2. Conduct a Cookie Audit:

Identify all cookies your website uses. This will help in specifying their purpose, duration, and type.

3. Be Transparent about Third-Party Cookies:

If you use external services or tools, they might set cookies. Make sure to disclose this in your policy.

4. Explain the Benefits:

Clarify how cookies enhance user experience, such as remembering login details or tracking cart items in e-commerce.

5. Guide Users on Managing Cookies:

Provide instructions on how users can control, manage, or delete cookies through their browser settings.

6. Keep the Policy Accessible:

Just like with privacy policies, make sure users can easily find your cookie policy, typically in the footer.

7. Update as Needed:

Should you introduce new tools or services that use cookies, remember to update your policy.

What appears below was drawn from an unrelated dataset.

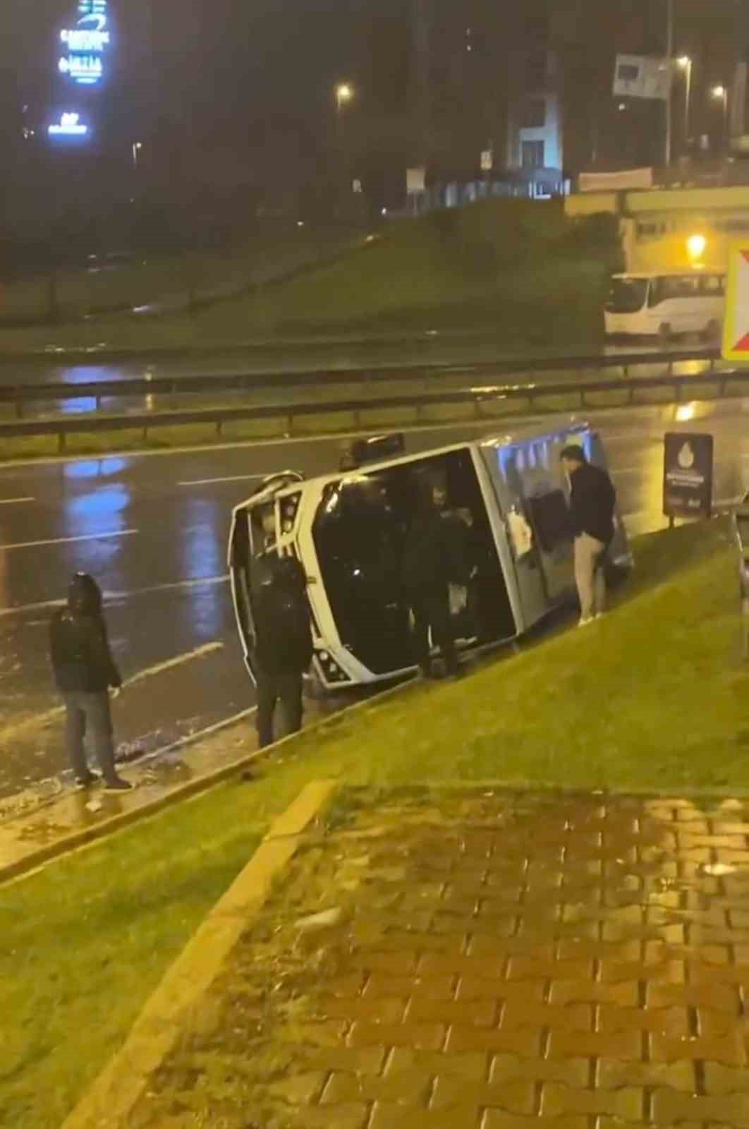 Olay, gece saatlerine Maltepe’de D-100 karayolu üzerinde meydana geldi. İddiaya göre, şiddetli yağışın etkisiyle birlikte kaygan zeminde şoförünün direksiyonu hakimiyetini kaybettiği minibüs yan yattı. Kaza esnasında minibüsün içerisinde yolcu bulunmadığı öğrenildi. Kazayı gören çevredeki vatandaşlar minibüs şoförünün yardımına koştu. Kazada can kaybı ya da yaralanma yaşanmazken araçta maddi hasar oluştu. Yaşananlar vatandaşın cep telefonu kamerasına yansıdı.

Establishing a strong online business presence goes beyond just content and design; it’s about building a transparent and trustworthy foundation. Cookie policies play an essential role in this, ensuring users understand their digital interactions with your brand. As you work on refining your website, make sure to prioritize a clear cookie policy, striking the right balance between user experience and transparency.


What is a cookie policy?

A cookie policy informs website visitors about the use, type, and purpose of cookies on the site.

Are cookie policies legally required?

In many jurisdictions, yes. Especially if you cater to users from regions with strict digital privacy regulations like the EU.

How do cookies differ from personal data?

Cookies store information about browsing behaviour. While they might not always store personal data, they can be used to profile or identify users, making their disclosure crucial.

Can users opt out of cookies?

Yes, users can often adjust their browser settings to manage or refuse cookies.

Do all websites use cookies?

While most websites use cookies for various purposes, not all do. However, if a site uses cookies, it should disclose this in its cookie policy.

How often should I update my cookie policy?

Regularly, especially if you introduce new functionalities or third-party services that utilize cookies.